Everybody else, even her presumed younger brother Bill, seemed stunned by the near-blasphemy of Phyllis’s incendiary rant. Marjorie glanced towards the nearby trees and madhouse eaves. She noticed that while there were still enough Puck’s Hats growing upon them to provide a satisfying meal for the dead youngsters, there were nowhere near as many as Phyllis had led them to expect. Was their infuriated leader right? Was there some other well-informed and highly organised ghost-scavenger at work here, possibly a rival phantom gang attempting to encroach upon their territory? Marjorie hoped that this wouldn’t prove to be the case. She’d never previously heard tell of gang warfare in Mansoul, but she imagined that it could get luminously ugly. Wraith-brawls spilling over from the Mayorhold, urchins swinging dreams or memories of pickaxe handles, although how would they distinguish between differing gang colours in the monochrome arena of the ghost-seam? One side could wear black, perhaps; the other white, like violent, scruffy chess. Her wandering thoughts had got as far as revenge doorstep exorcisms when she realised that she wasn’t thinking about her real, present circumstances at all but was instead plotting a third book, presumably a follow-up to her forthcoming novel about Snowy Vernall and his beautiful granddaughter hiking through Eternity.
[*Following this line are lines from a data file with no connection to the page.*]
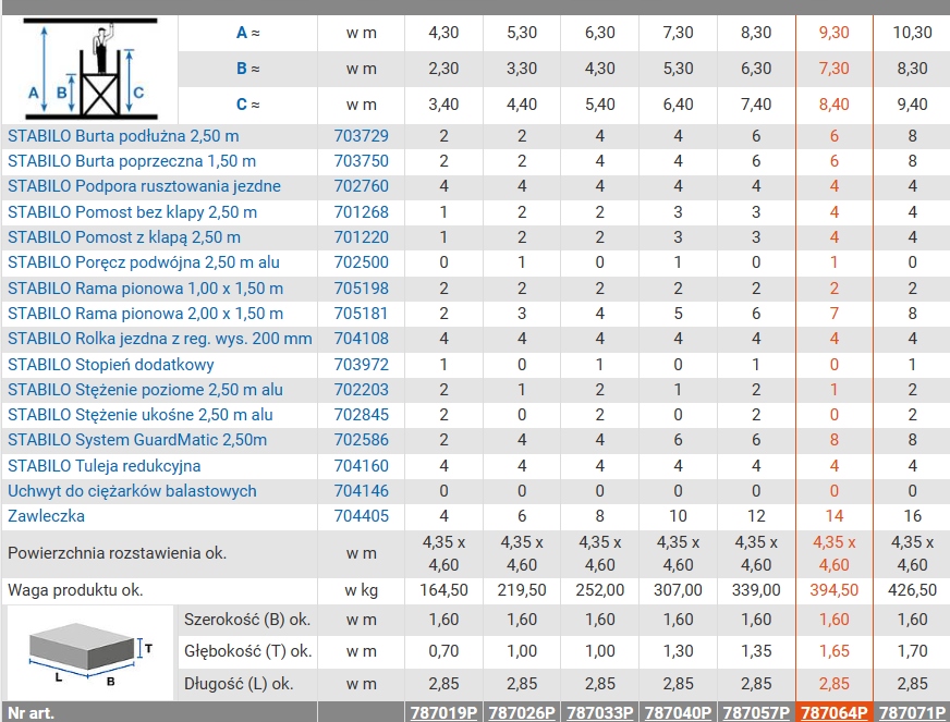 - Сертифицировано Tüv, нагрузочная емкость 200 кг/м² (группа каркасов 3) Согласно PN EN 1004-1 выполненным на высоте до 14,30 м (на длине рабочей области от 2,00 м до 12,30 м)
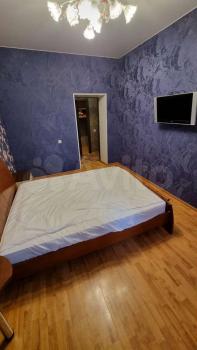 Квартира с качественным евро ремонтом, изолированные комнаты обеспечивают комфорт и приватность. Просторная кухня оснащена всей необходимой техникой, включая холодильник и микроволновую печь. В гостиной установлен большой телевизор и удобный диван, а также обеденная зона с современным столом и стульями.
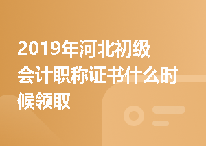 2019年河北初级会计职称证书什么时候领取?2019年初级会计职称证书领取时间一般在9月份陆续启动,具体参考当地证书领取通知!【点击查看>>各地2019年初级会计师证书领取时间】初级会计师领取流程及材料初级会计职称合格证书领取所需要的材料一般有:合格成绩单据、毕业证、从业证、身份证、照片、登记表及工本费等。各地区所需要的材料不同,具体请以当地证书领取公告中的要求为准。证书领取方式有哪些?初级会计职称证书领取方式各地区不同,往年一般是现场领取或者是由他人代领都可以,2017年起部分地区
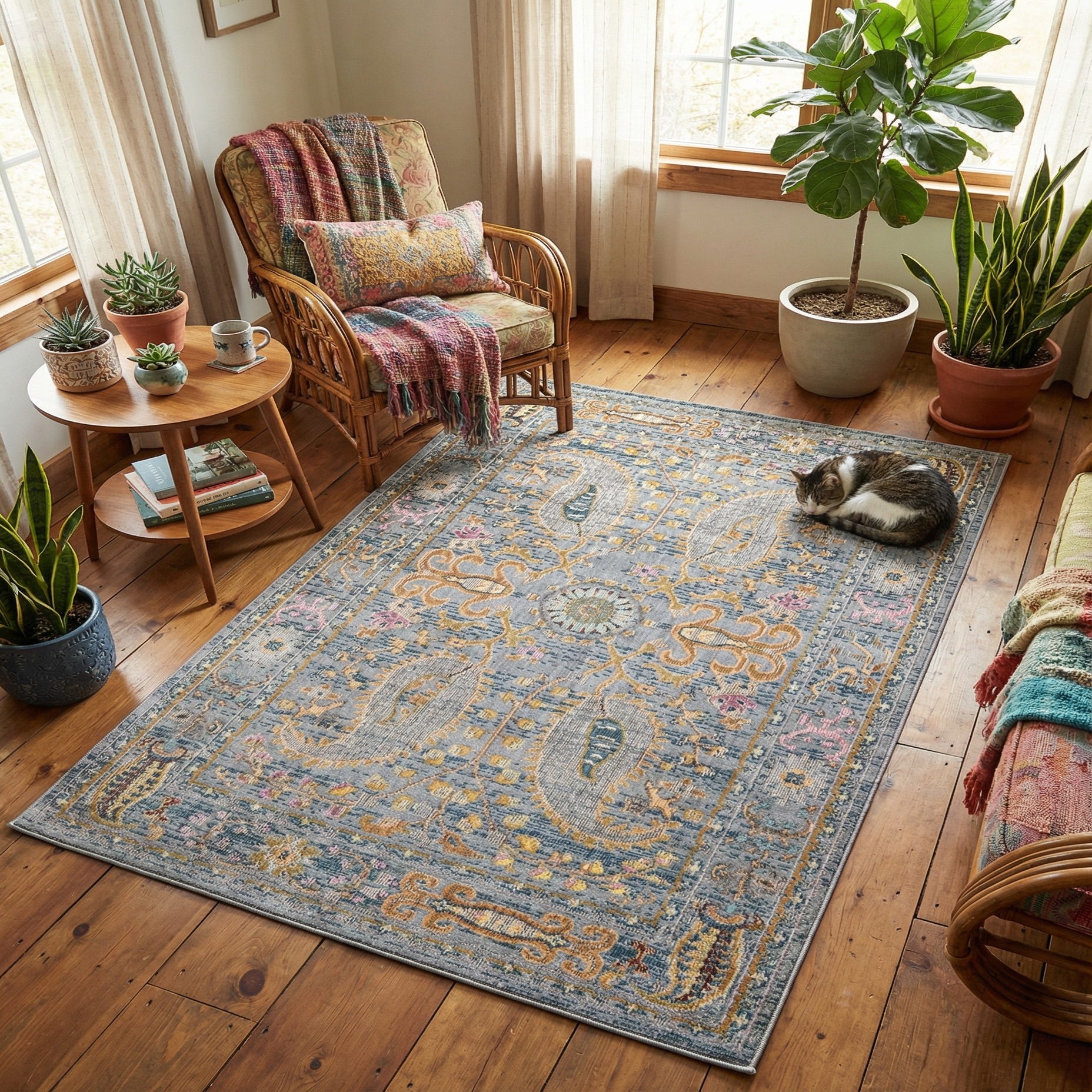 Primary color is Gray. Colors in this rug include: Gray, Blue, Light Blue, Navy Blue, Beige, Yellow, Pink, Burgundy.
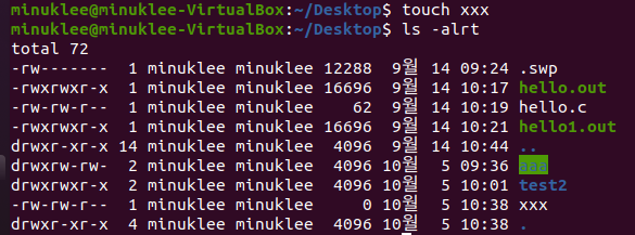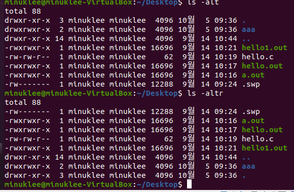 ls -altr : (reverse) : 날짜 반대로 정령 ( 최근순 )
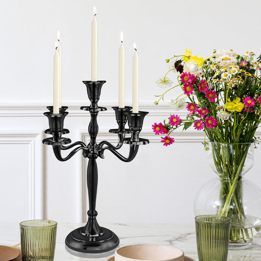 12" Inch Tall 5 Arm Candlestick Candelabra Candle Holder | Black Finish

It was as Marjorie was forcing her unruly literary fancies back into their cage that tall John cried out suddenly.
“I can see one of the blighters! Look! He’s peeping from behind the tower!”
Marjorie turned in time to see a tiny fair-haired head bob back behind one corner of the edifice’s base. You could tell that it was that of a ghost-kid by how it left a grey stream of little heads evaporating in its wake. So, she’d been right. There was a rival gang of spectral ruffians who’d beaten them to the mad apples. There were poachers on their land! Surprised by her own sense of angry indignation, Marjorie joined with the other children as they stormed towards the tower, their half-a-dozen swelled into a shrieking Mongol horde by all the trailing doppelgangers.